Let $$(X,*)$$ be a linear groupoid over a field X. If we define a map $$\varphi (b, c):=(b, \mu c), \forall b, c\in X$$, then $$(X,*)$$ is a dual right-twisted semigroup with respect to $$\varphi$$ when $$\lambda ^2 = \lambda$$.

### Proof

Straightforward. $$\square$$

### Theorem 2

Let $$(X,*)$$ be a linear groupoid over a field X, i.e., $$x*y:=\lambda x + \mu y$$ for all $$x, y\in X$$ and let $$\lambda \mu \not = 0$$. If $$(X,*)$$ is both a left-twisted semigroup with respect to a map $$\varphi (a, b) = (\frac{a}{\lambda }, b)$$ and a right-twisted semigroup with respect to a map $$\psi (b, c) = (b, \frac{c}{\mu })$$, then $$(X,*)$$ is an additive group of the field X.

### Proof

Since it is a left-twisted semigroup, given $$a, b, c\in X$$, $$a*(b*c) = \lambda a + \lambda \mu b + \mu ^2 c$$ and $$(u*v)*c = \lambda ^2 u + \lambda \mu v + \mu c$$ for some $$u= u(a, b), v=v(a, b)$$. Hence we have

\begin{aligned} \lambda a + \lambda \mu b + \mu ^2 c = \lambda ^2 u + \lambda \mu v + \mu c \end{aligned}
(11)

Similarly, since it is a right-twisted semigroup, we have

\begin{aligned} \lambda ^2 a + \lambda \mu b + \mu c = \lambda a + \lambda \mu u^{\prime } + \mu ^2 v^{\prime } \end{aligned}
(12)

for some $$u^{\prime } = u^{\prime }(a, b), v^{\prime } = v^{\prime }(a, b)$$. If we put $$u:= \frac{a}{\lambda }, v:= b$$ in (11), then $$\mu ^2 c = \mu c$$. It follows that $$\mu =1$$. If we put $$u^{\prime }:= b, v^{\prime }:= \frac{c}{\mu }$$ in (12), then $$\lambda ^2 a =\lambda a$$, proving that $$\lambda = 1$$. Hence $$x*y = x + y$$, i.e., $$(X,*)$$ is an additive group of the field X. $$\square$$

### Proposition 7

Let $$(X,*)$$ be a linear groupoid over a field X, i.e., $$x*y =\lambda x + \mu y$$ for all $$x, y\in X$$ where $$\lambda , \mu$$ are not all zero.
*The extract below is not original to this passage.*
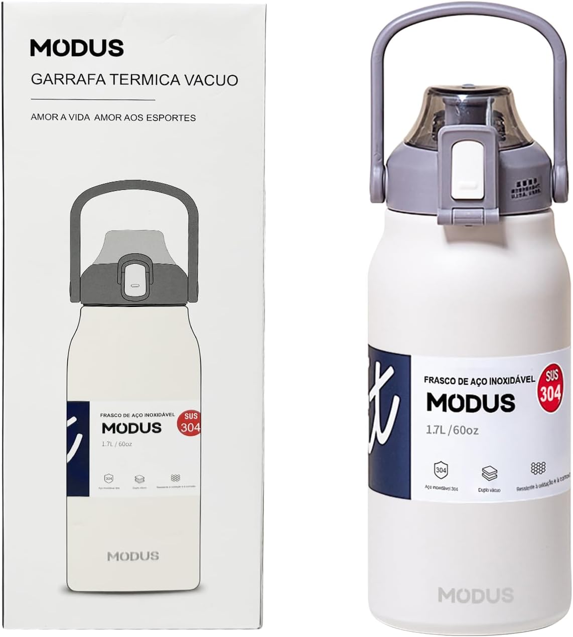 Garrafa Térmica Isolada a Vácuo De Aço Inoxidável 304 1700ML Grande Capacidade Com Canudo (Branco)
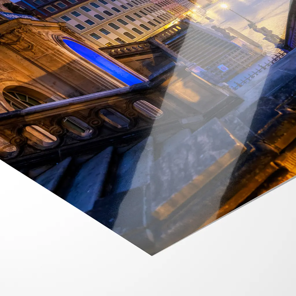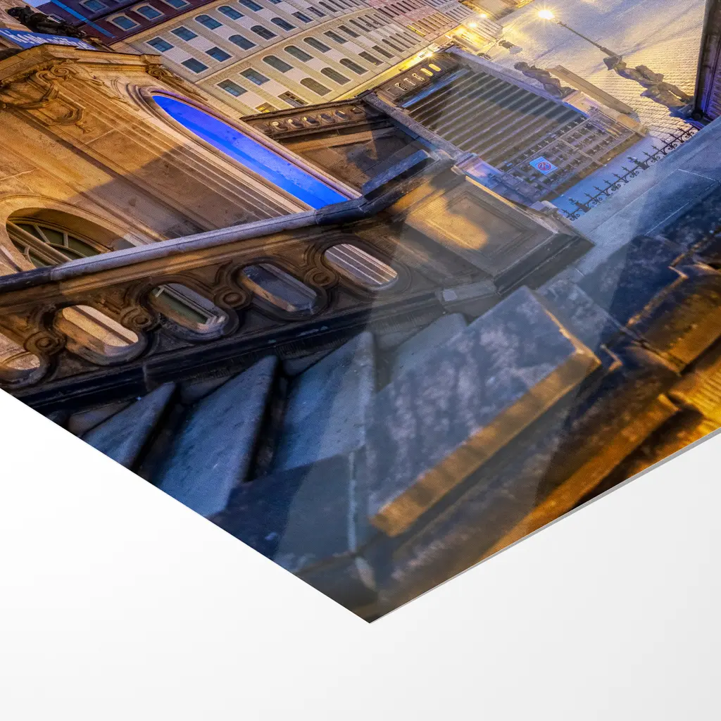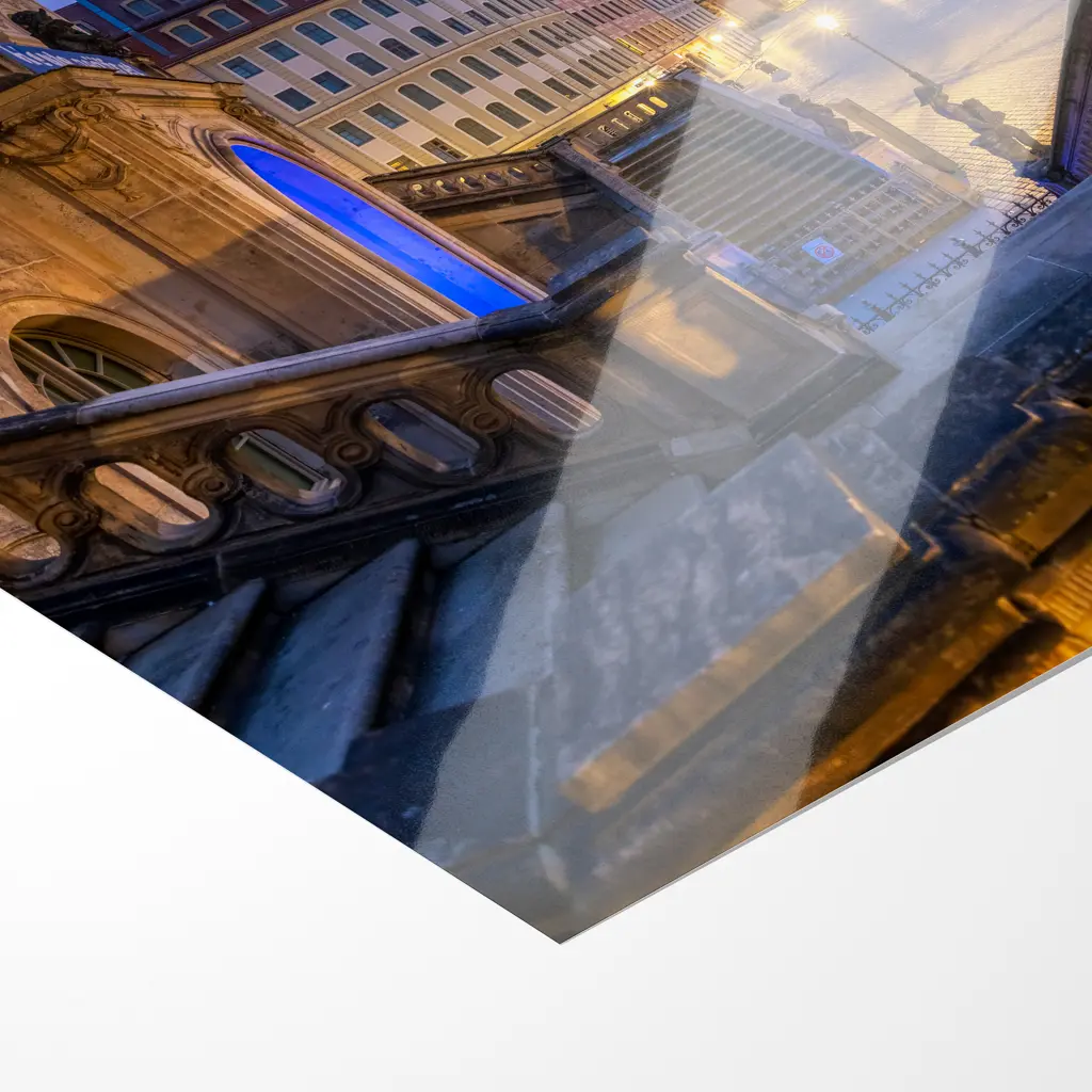 In der zarten Blauen Stunde, kurz vor dem ersten Gold des Morgens, liegt der Dresdner Neumarkt in stiller, fast überirdischer Ruhe. Von den geschwungenen Treppen des Verkehrsmuseums blickt man hinab auf das weite, leergefegte Pflaster des Platzes, das im kühlen Blauviolett des frühen Himmels sanft schimmert.

If we define a map $$\varphi (a, c) :=(\lambda a, \frac{1}{\mu }c), \forall a,c \in X$$ where $$\mu \not = 0$$, then $$(X, *)$$ is a middle-twisted semigroup with respect to $$\varphi$$.

### Proof

Straightforward. $$\square$$

### Example 7

Let $$(\mathbf{R}, +, \cdot )$$ be a real field. Define a binary operation “$$*$$” on $$\mathbf{R}$$ by $$x*y := x-y, \forall x, y\in \mathbf{R}$$ and define a map $$\varphi (a, c) :=(a, -c), \forall a, c \in \mathbf{R}$$. Then $$(\mathbf{R}, *)$$ is a dual middle-twisted semigroup with respect to $$\varphi$$.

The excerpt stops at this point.